Learning about my rollover options

Did you know that some of your previous retirement accounts can be rolled over to your Guideline 401(k) through either a direct or an indirect rollover? This article outlines the differences between these two methods to help you decide which is best for you.

With a direct rollover, your previous provider distributes your assets by paying them directly into your Guideline 401(k) account. A direct rollover is often preferred as there are no potential taxes with this option. There are also no limits to the number of times you can do a direct rollover during a year. See this article to learn more about rolling over your retirement account to Guideline via a direct rollover.

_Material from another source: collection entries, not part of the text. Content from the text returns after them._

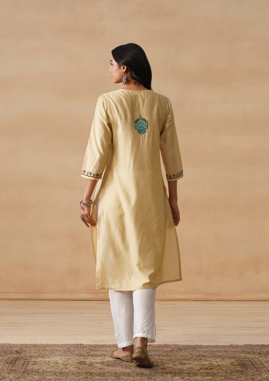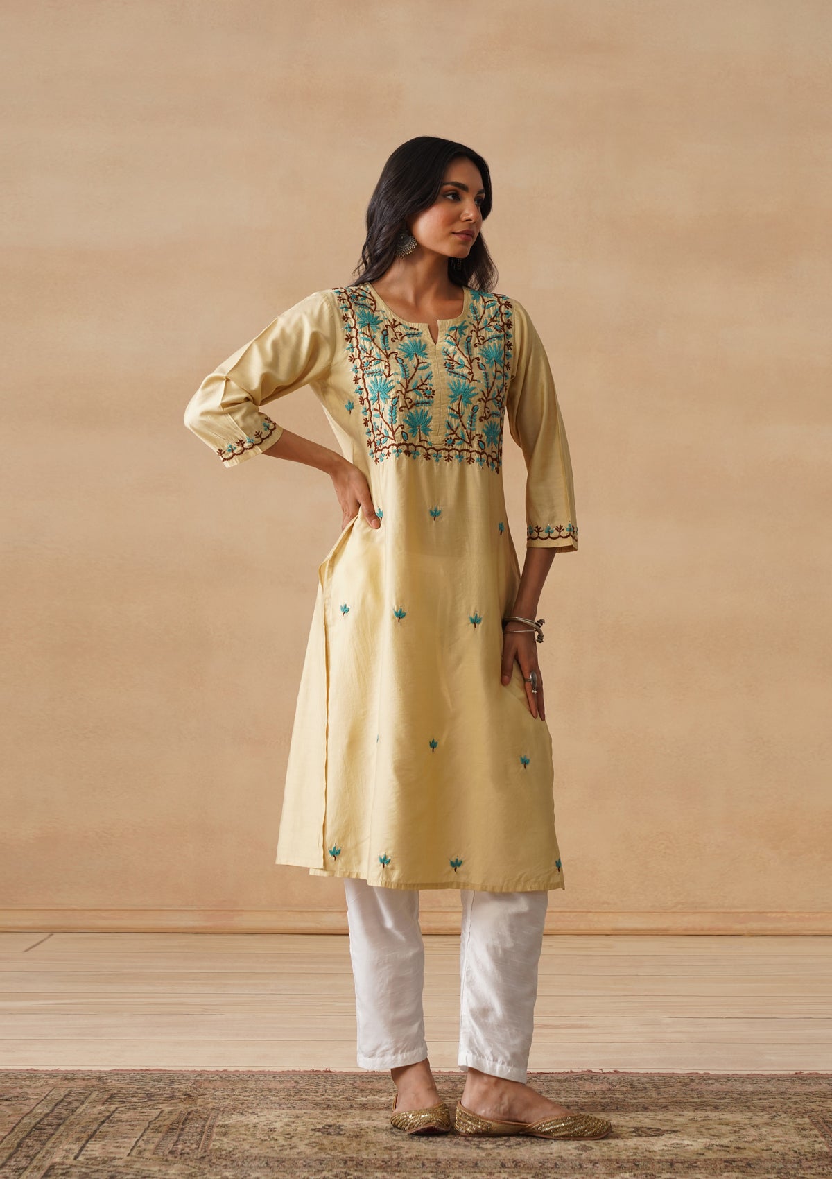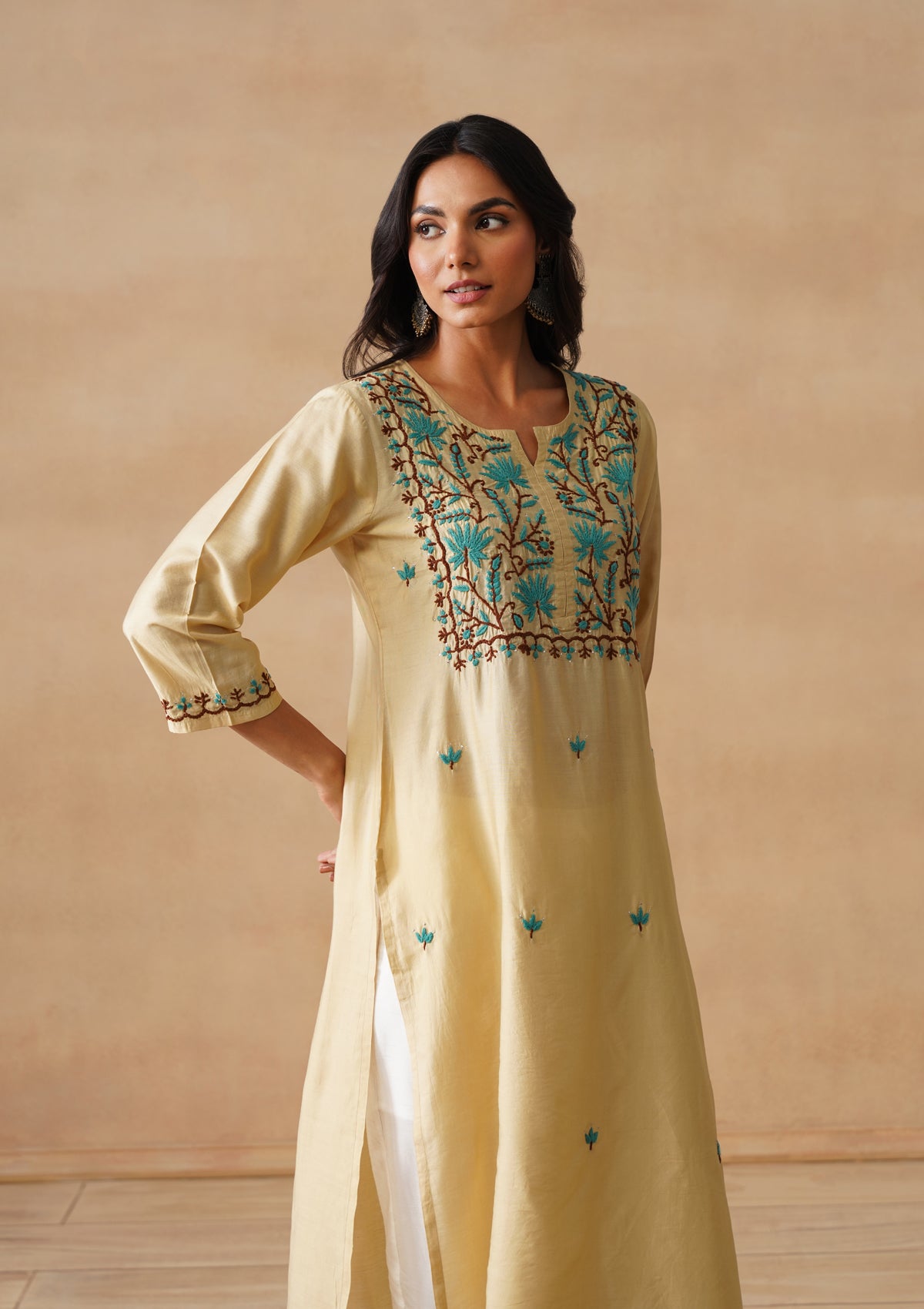 HOC Chanderi Chikankari Solid Straight Women's Long Kurta - Beige
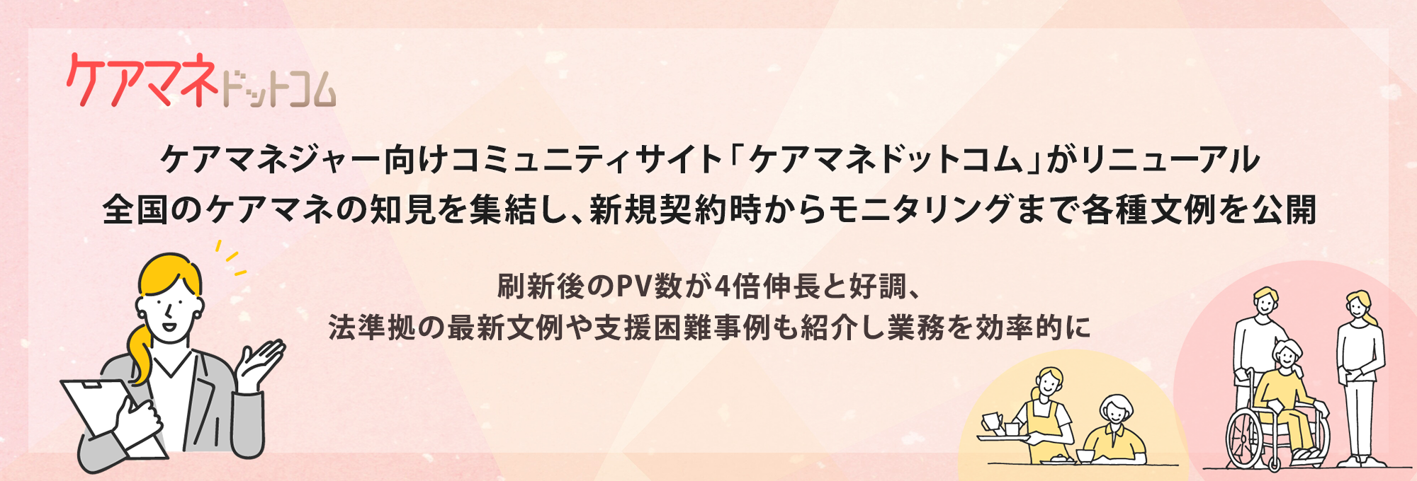 ケアマネジャー向けコミュニティ。ケアマネジメントに役立つ最新ニュースや専門情報、悩み相談や意見交換ができる掲示板などのコンテンツを提供。ケアマネジャーを多方面からサポートしています。
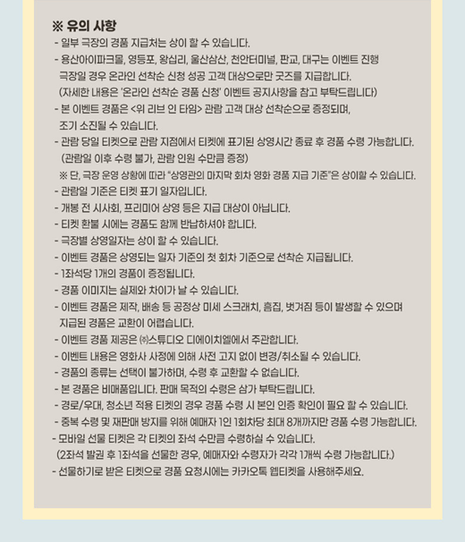 CGV 이벤트 상영관 중 대구, 영등포타임스퀘어, 왕십리, 용산아이파크몰, 울산삼산, 판교 지점은 '온라인 선착순 경품 신청 완료 고객'에게만 특전을 지급하니 미리 신청하셔서 특전을 수령하시길 바랍니다. 그 외의 CGV 이벤트 상영관 지점은 '따로 신청할 필요 없이 관람 후' 특전을 수령하시면 됩니다.
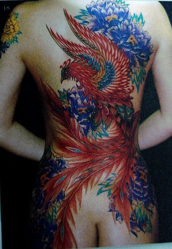 女孩子满背彩色凤凰纹身图案_凤凰纹身图案大全_纹身图吧
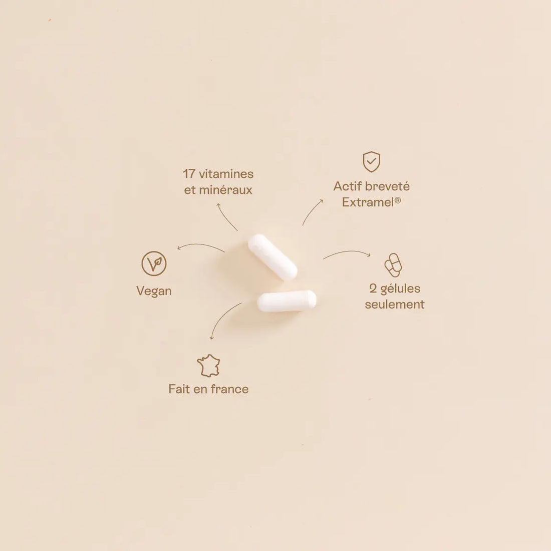 Les vitamines B2, C, E, le zinc et le sélénium contribuent à protéger les cellules contre le stress oxydatif. L’actif breveté Extramel est un extrait de melon riche en superoxyde dismutase, un puissant antioxydant.

An alternative method of consolidating your funds into Guideline is via an indirect rollover. With an indirect rollover, your previous custodian sends your assets directly to you. The custodian withholds the 20% mandatory federal taxes and any applicable state taxes from the distribution. You would then be responsible for depositing the entire amount, including any taxes withheld, into your new retirement account at Guideline within 60 days of the distribution date to avoid a taxable event. Additionally, you are only allowed to make an indirect rollover between providers one time per year. If you do miss the 60-day rollover deadline, see our Tax Notice here for more information on options that may be available to you.

Though we don’t recommend an indirect rollover, some people use the 60-day window as a short-term loan of their retirement assets. If the full amount is not deposited to the new custodian within 60 days, however, any amounts not rolled over will be deemed distributed and taxable and may be subject to early withdrawal penalties. The 60-day time frame is strictly enforced so you don’t want to miss it.